The results were achieved from the sale of 513 homes – a 31% increase on the previous year. McCarthy said the results put the business on track to achieve the “key objectives” for the business as laid out in 2021, which include increasing the business to 1,000 unit sales per year at a market leading margin, and achieving a countrywide presence for the business.

McCarthy said the business plans to invest £800m in new sites in the “coming years” and had just opened new offices in Bristol and Warrington to support recent expansion into the North and Wales.

>>See also: Removing the barriers to later living development

>>See also: Later living sector backs A Fair Deal for Housing

McCarthy, who co-founded the business with his brother Clinton in 1994 and is son of McCarthy & Stone founder John McCarthy, said the growth was being achieved despite “significant challenges” in the planning system which had pushed the average time taken to get a consent to 16 months.

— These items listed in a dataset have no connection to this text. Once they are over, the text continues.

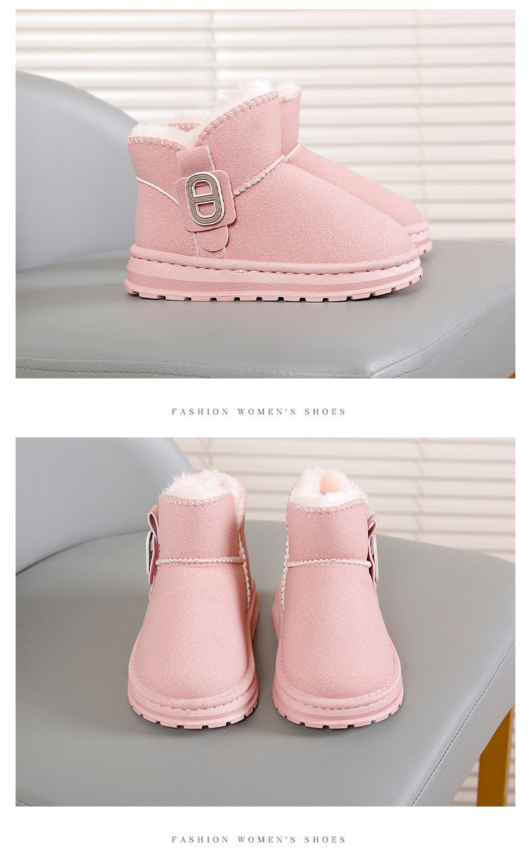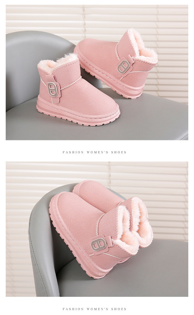 2023 Children's Snow Boots Girls' Short Boots Winter Boys and Girls Fashion Boots Medium and Big Children Internet Celebrity Fleece-Lined Cotton Boots Tide
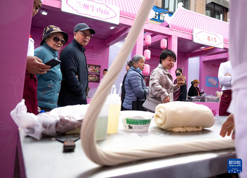 3月17日,消费者在2025年“中华美食荟”现场观看拉面制作。(新华社记者 肖艺九 摄)
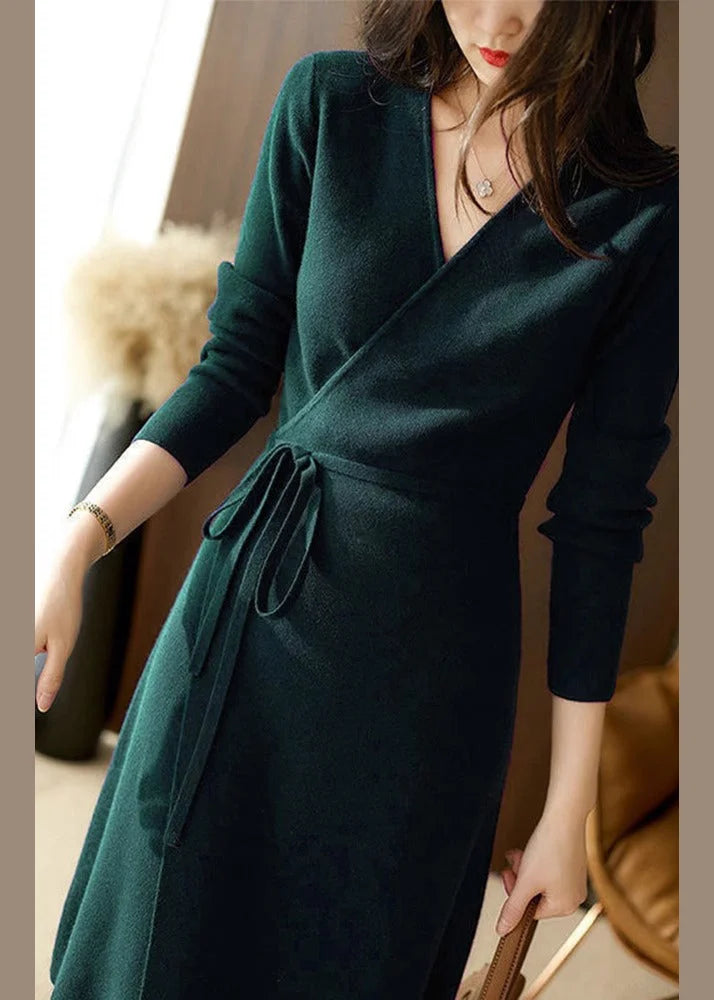 Questo abito midi con scollo a V incrociato e cintura laterale è un classico intramontabile che valorizza la silhouette.

The report said that the combination of under-resourced planning departments and the nutrient neutrality challenge had combined to “present the most challenging planning environment we have experienced for many years.”

Churchill Retirement Living's Edinburgh Lodge development in Orpington, Kent

Churchill Retirement Living’s Edinburgh Lodge development in Orpington, Kent

McCarthy added that despite signing up to the government cladding pledge, Churchill had assessed its past developments and found that it had built no buildings suffering from cladding or life-critical fire safety defects.

McCarthy said firms such as his should therefore be exempt from the proposed £3bn Building Safety Levy, which Michael Gove has suggested will be levied on all planning permissions above a certain size.

“It is my strong belief that our company should not be obliged to pay the new Building Safety Levy which the Government is seeking to implement, firstly as we do not build developments with cladding, secondly since, unlike the vast majority of major housebuilders, we do not receive any taxpayer support through the government’s “Help To Buy” scheme, and thirdly since we are already obliged to pay the new Residential Property Developer Tax for the remediation of buildings constructed by other developers”, he said.